↓↓↓

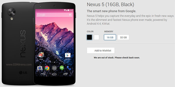 The Google Play Store was out of Nexus 5 16GB stock a couple of hours after the device was officially announced. The 16GB units are still out of stock in the US Play Store.
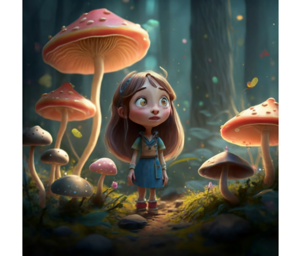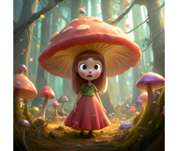 Детская сказка о девочке, которая съела гриб и сама превратилась в гриб.
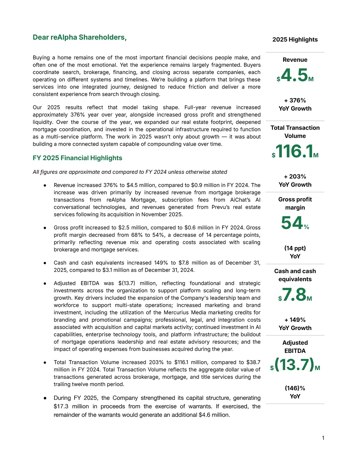 1 Dear reAlpha Shareholders, Buying a home remains one of the most important financial decisions people make, and often one of the most emotional . Yet the experience remains largely fragmented . Buyers coordinate search, brokerage, financing, and closing across separate companies, each operating on different systems and timelines . Weʼre building a platform that brings these services into one integrated journey, designed to reduce friction and deliver a more consistent experience from search through closing . Our 2025 results reflect that model taking shape . Full - year revenue increased approximately 376 % year over year, alongside increased gross profit and strengthened liquidity . Over the course of the year, we expanded our real estate footprint, deepened mortgage coordination, and invested in the operational infrastructure required to function as a multi - service platform . The work in 2025 wasn't only about growth — it was about building a more connected system capable of compounding value over time . FY 2025 Financial Highlights All figures are approximate and compared to FY 2024 unless otherwise stated ● Revenue increased 376 % to $ 4 . 5 million, compared to $ 0 . 9 million in FY 2024 . The increase was driven primarily by increased revenue from mortgage brokerage transactions from reAlpha Mortgage, subscription fees from AiChatʼs AI conversational technologies, and revenues generated from Prevuʼs real estate services following its acquisition in November 2025 . ● Gross profit increased to $ 2 . 5 million, compared to $ 0 . 6 million in FY 2024 . Gross profit margin decreased from 68 % to 54 % , a decrease of 14 percentage points, primarily reflecting revenue mix and operating costs associated with scaling brokerage and mortgage services . ● Cash and cash equivalents increased 149 % to $ 7 . 8 million as of December 31 , 2025 , compared to $ 3 . 1 million as of December 31 , 2024 . ● Adjusted EBITDA was $  13 . 7  million, reflecting foundational and strategic investments across the organization to support platform scaling and long - term growth . Key drivers included the expansion of the Company's leadership team and workforce to support multi - state operations ; increased marketing and brand investment, including the utilization of the Mercurius Media marketing credits for branding and promotional campaigns ; professional, legal, and integration costs associated with acquisition and capital markets activity ; continued investment in AI capabilities, enterprise technology tools, and platform infrastructure ; the buildout of mortgage operations leadership and real estate advisory resources ; and the impact of operating expenses from businesses acquired during the year . ● Total Transaction Volume increased 203 % to $ 116 . 1 million, compared to $ 38 . 7 million in FY 2024 . Total Transaction Volume reflects the aggregate dollar value of transactions generated across brokerage, mortgage, and title services during the trailing twelve month period . ● During FY 2025, the Company strengthened its capital structure, generating $17.3 million in proceeds from the exercise of warrants. If exercised, the remainder of the warrants would generate an additional $4.6 million. 2025 Highlights Revenue $ 4.5 M + 376% YoY Growth Total Transaction Volume $ 116.1 M + 203% YoY Growth Gross profit margin 54 %  14 ppt) YoY Cash and cash equivalents $ 7.8 M + 149% YoY Growth Adjusted EBITDA $  13.7  M  146  % YoY
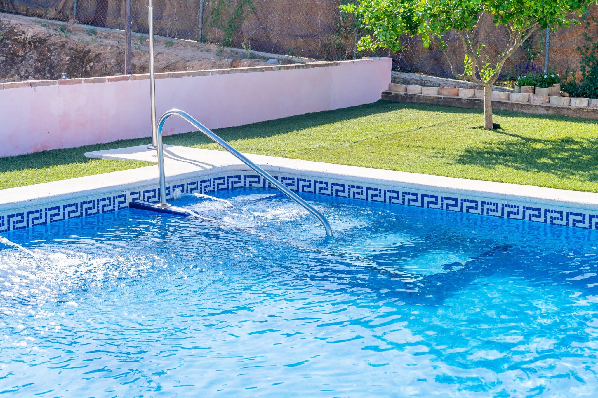 Gran piscina de 9 x 4 metros y 0.90 a 1.35 m. profundidad con escalera de acceso con pasamanos.
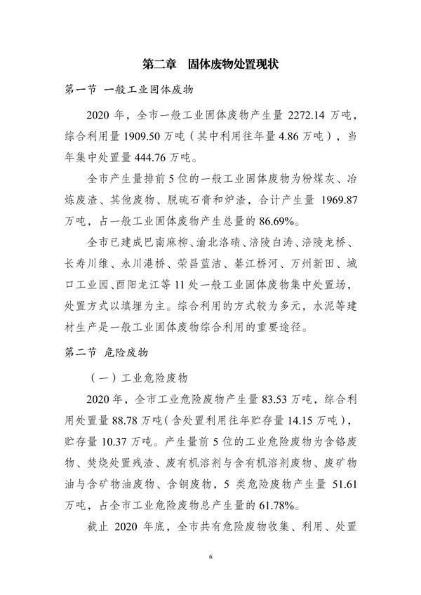 重慶市生態(tài)環(huán)境局編制了《重慶市固體廢物(含危險(xiǎn)廢物)集中處置建設(shè)布局規(guī)劃(2021—2025年)》(征求意見稿),向社會公開征求意見。
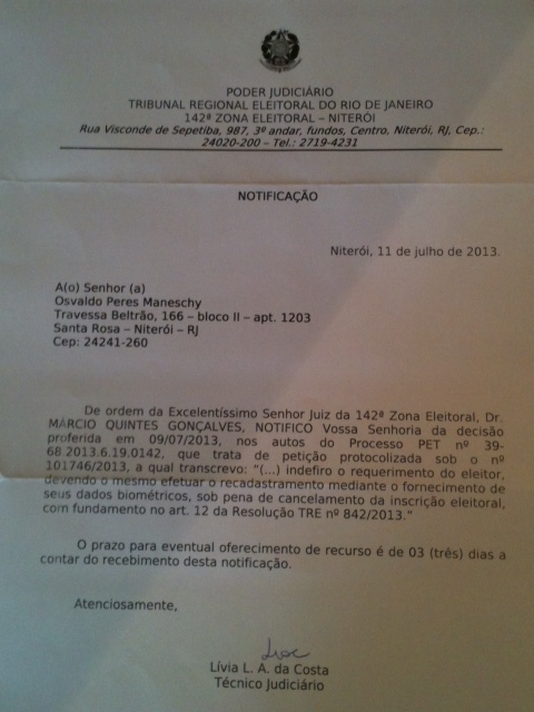 ainda não foi respondida pelo juiz da zona,
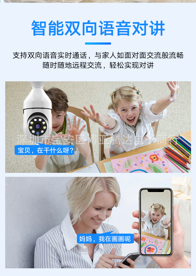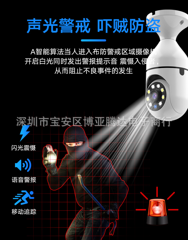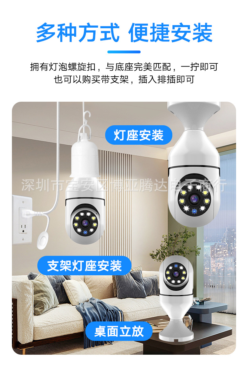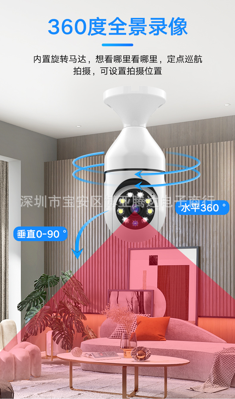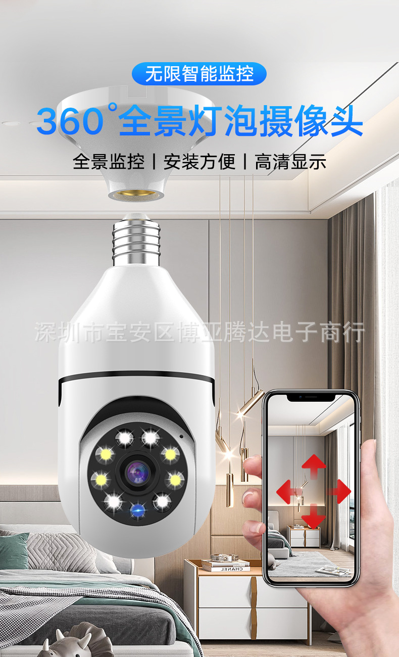 Cámara Bombilla E27 con Visión Nocturna Infrarroja Inalámbrica, Monitoreo WIFI de 360 Grados, Lente de Seguridad para el Hogar, Alta Definición 1080p
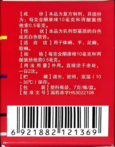 【主要成份】本品为复方制剂,其组份为:每克含酮康唑10毫克和丙酸氨倍他索0.5毫克。【性状】本品为乳剂型基质的自色或类白色软膏。
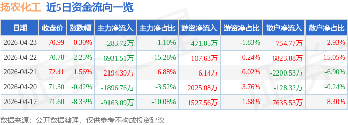 证券之星消息,截至2026年4月23日收盘,扬农化工(600486)报收于70.99元,上涨0.3%,换手率0.9%,成交量3.63万手,成交额2.57亿元。
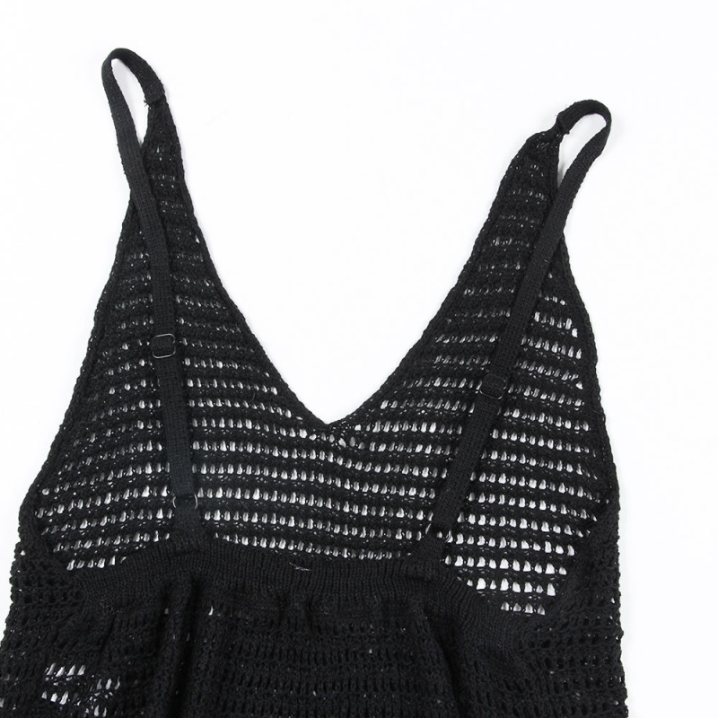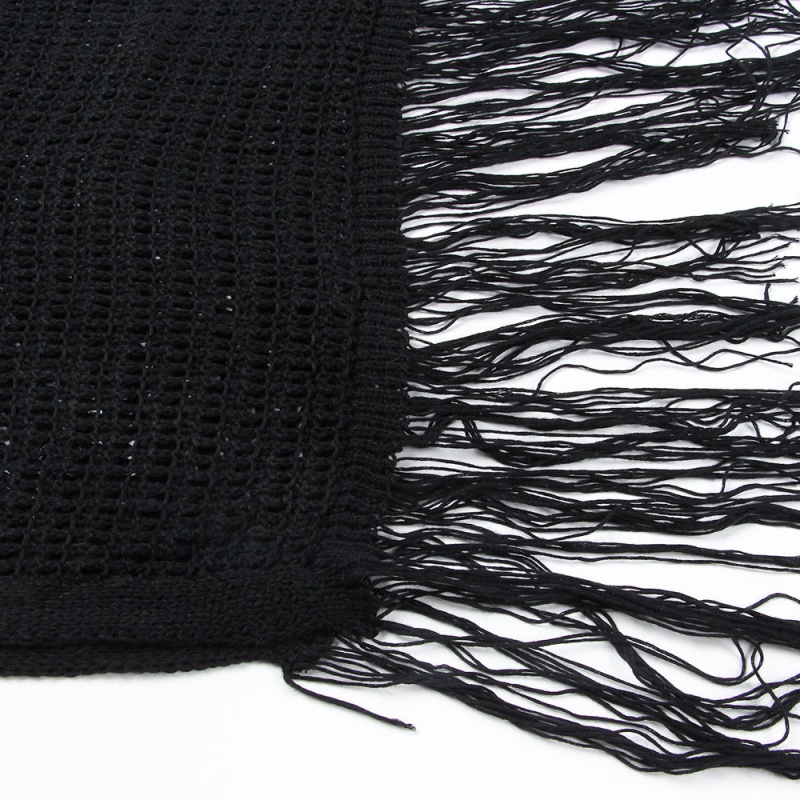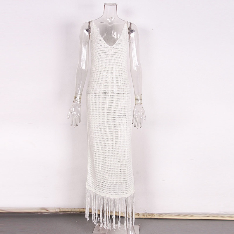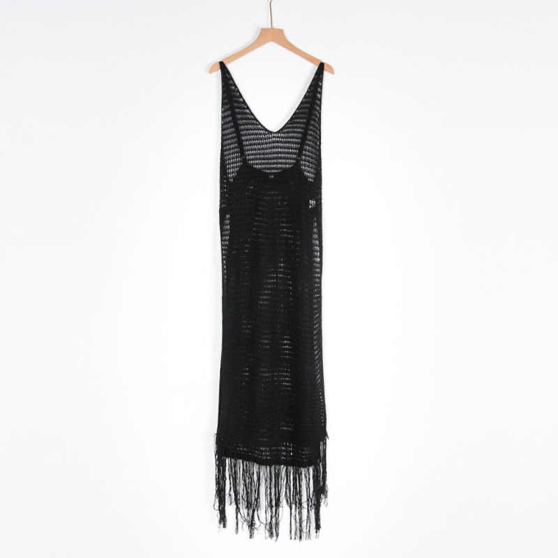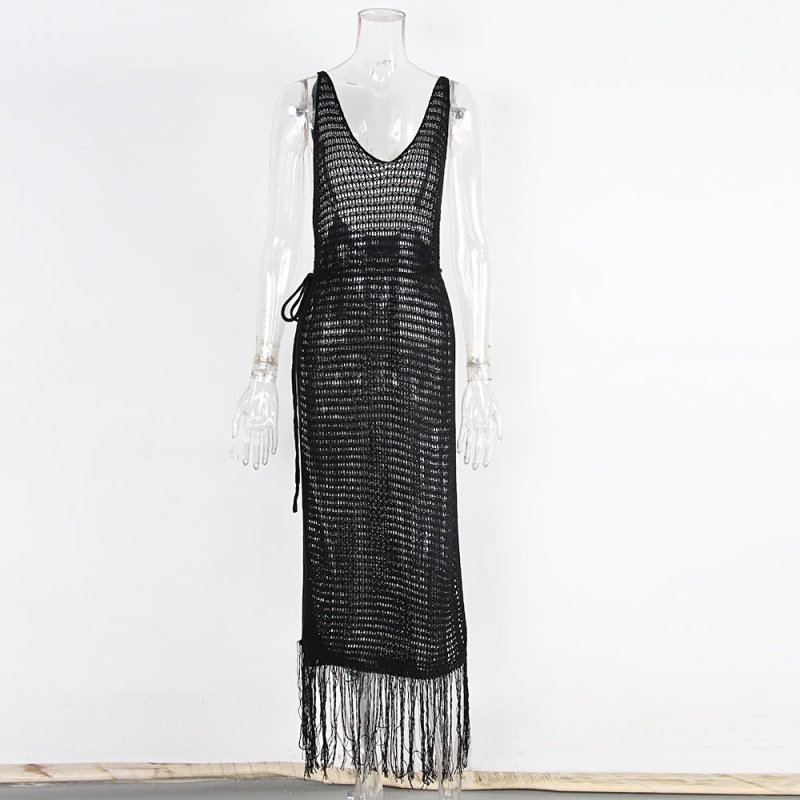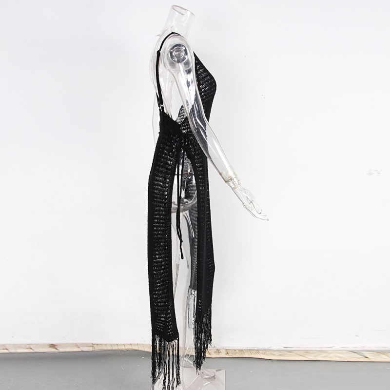 跨境新款欧美性感镂空针织开叉流苏长款沙滩裙比基尼罩衫防晒服女

↑↑↑

Every line between the start of the listing and the line containing "Детская сказка о", both ends counted, needs to be printed exactly, minus the pictures.

▶ _Solved exercise_
 The Google Play Store was out of Nexus 5 16GB stock a couple of hours after the device was officially announced. The 16GB units are still out of stock in the US Play Store.
 Детская сказка о девочке, которая съела гриб и сама превратилась в гриб.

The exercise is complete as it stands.